Baked Chivda
Baked Chivda is a delightful Indian snack made with a mix of crunchy spices and wholesome ingredients, offering a perfect balance of flavors. This dairy-free version is light, healthy, and easy to prepare, making it an ideal treat for any time of the day.

30 minutes
Difficulty: Easy
Indian
250 kcal
Ingredients
- Flattened rice (poha) - 100 grams
- Peanuts - 30 grams
- Cashews - 20 grams
- Curry leaves - 10 grams
- Turmeric powder - 1 teaspoon
- Red chili powder - 1 teaspoon
- Cumin seeds - 1/2 teaspoon
- Mustard seeds - 1/2 teaspoon
- Salt - 1 teaspoon
- Oil (coconut or vegetable) - 2 tablespoons
- Sugar - 1 teaspoon
- Asafoetida (hing) - a pinch
- Lemon juice - 1 tablespoon
Steps
- Preheat the oven to 180°C (350°F).
- In a large mixing bowl, combine the flattened rice (poha), peanuts, and cashews.
- In a small pan, heat the oil over medium heat and add the mustard seeds, cumin seeds, and asafoetida. Sauté until the mustard seeds start to splutter.
- Add the curry leaves, turmeric powder, red chili powder, and salt to the pan, and stir for about 1 minute to release the spices' aroma.
- Pour the spice mixture over the flattened rice mixture, and add sugar and lemon juice.
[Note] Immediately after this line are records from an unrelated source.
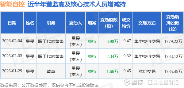 证券之星消息,根据2月4日市场公开信息、上市公司公告及交易所披露数据整理,智能自控(002877)最新董监高及相关人员股份变动情况:2026年2月3日至2026年2月4日公司职工代表董事吴畏共减持公司股份6.24万股,占公司总股本为0.0176%。变动期间公司股价上涨1.84%,2月3日当日收盘报9.41元。
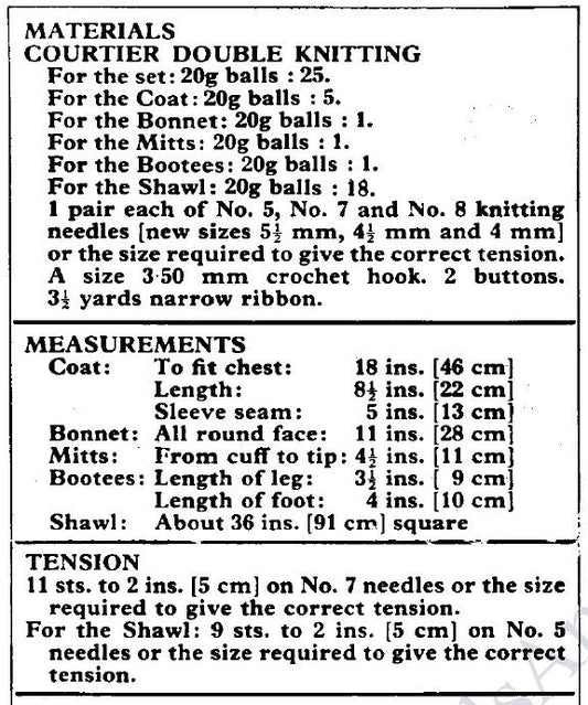 Vintage Knitting Pattern Pretty Baby Girl 5 Piece Lacy Layette Set PDF Instant Digital Download Bonnet Booties Coat Shawl Mitts 0-6m DK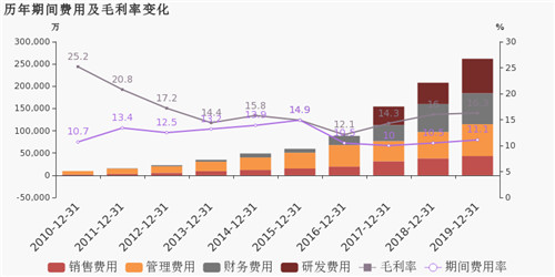 公司2019年营业成本197.1亿,同比增长18.3%,低于营业收入18.8%的增速,导致毛利率上升0.4%。期间费用率为11.1%,较上年升高0.6个百分点。经营性现金流大幅上升88.6%至26.5亿。公司研发投入大幅增加,相比去年同期增长62.4%达到7.7亿。研发投入全部费用化,不作资本化处理。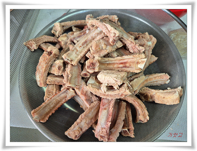 남은 돼지등갈비와 묵은지의 속고갱이 부분들을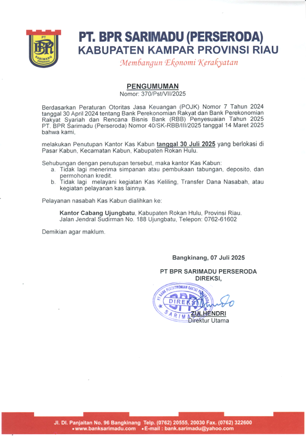 PT BPR Sarimadu Perseroda Berizin dan diawasi oleh Otoritas Jasa Keuangan (OJK) dan merupakan peserta Penjaminan LPS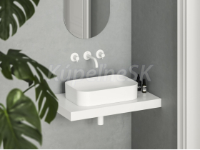 doplnky k dokúpeniu: doska pod umývadlo / skrinka pod umývadlo na dosku, umývadlová pileta pevná, keramická pileta Flat, umývadlový sifón alebo nábytkový, extra predĺžené batérie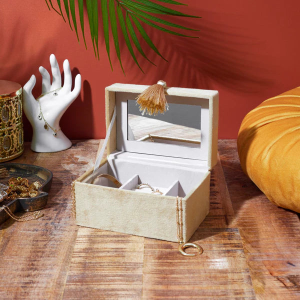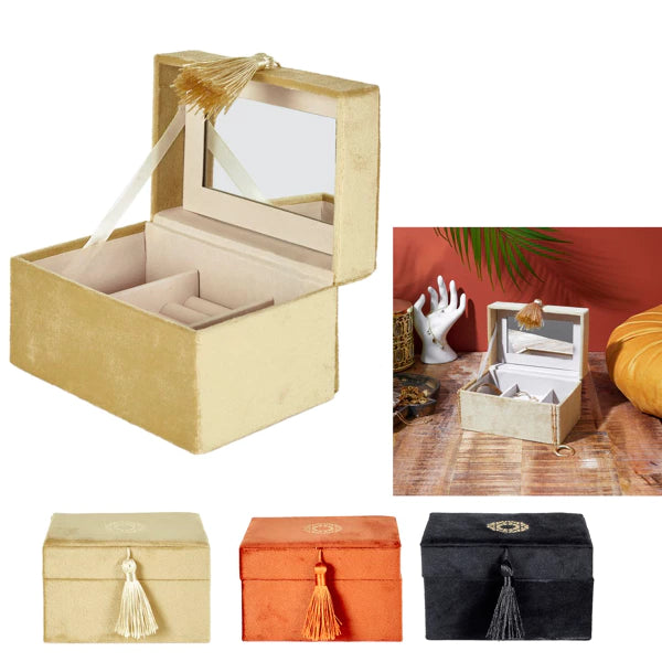 Ces boîtes luxueuses ne se contentent pas de mettre en ordre vos bijoux, elles les présentent avec une distinction sans pareil grâce à des compartiments intérieurs bien pensés et un miroir intégré pour admirer vos accessoires. Chaque boîte est finie avec un pompon chic qui ajoute une touche de sophistication. Sélectionnez la couleur qui s'aligne avec votre style personnel ou votre décor pour ajouter une touche de luxe à votre routine de beauté quotidienne.

Mix well to ensure all ingredients are evenly coated.
- Spread the mixture evenly on a baking sheet lined with parchment paper.
- Bake in the preheated oven for 15-20 minutes, stirring halfway through, until the chivda turns crispy and golden.
- Remove from the oven and let it cool before serving.
Nutrition
- Calories: 250
- Protein: 6 g
- Carbs: 30 g
- Fiber: 5 g
- Sugar: 2 g
- Sodium: 300 mg
- Cholesterol: 0 mg
- Total Fat: 12 g
- Saturated Fat: 2 g
- Unsaturated Fat: 10 g
- Water: 0.02 L
Health Benefits
- Rich in antioxidants from spices and curry leaves.
- High in protein due to peanuts and cashews, supporting muscle health.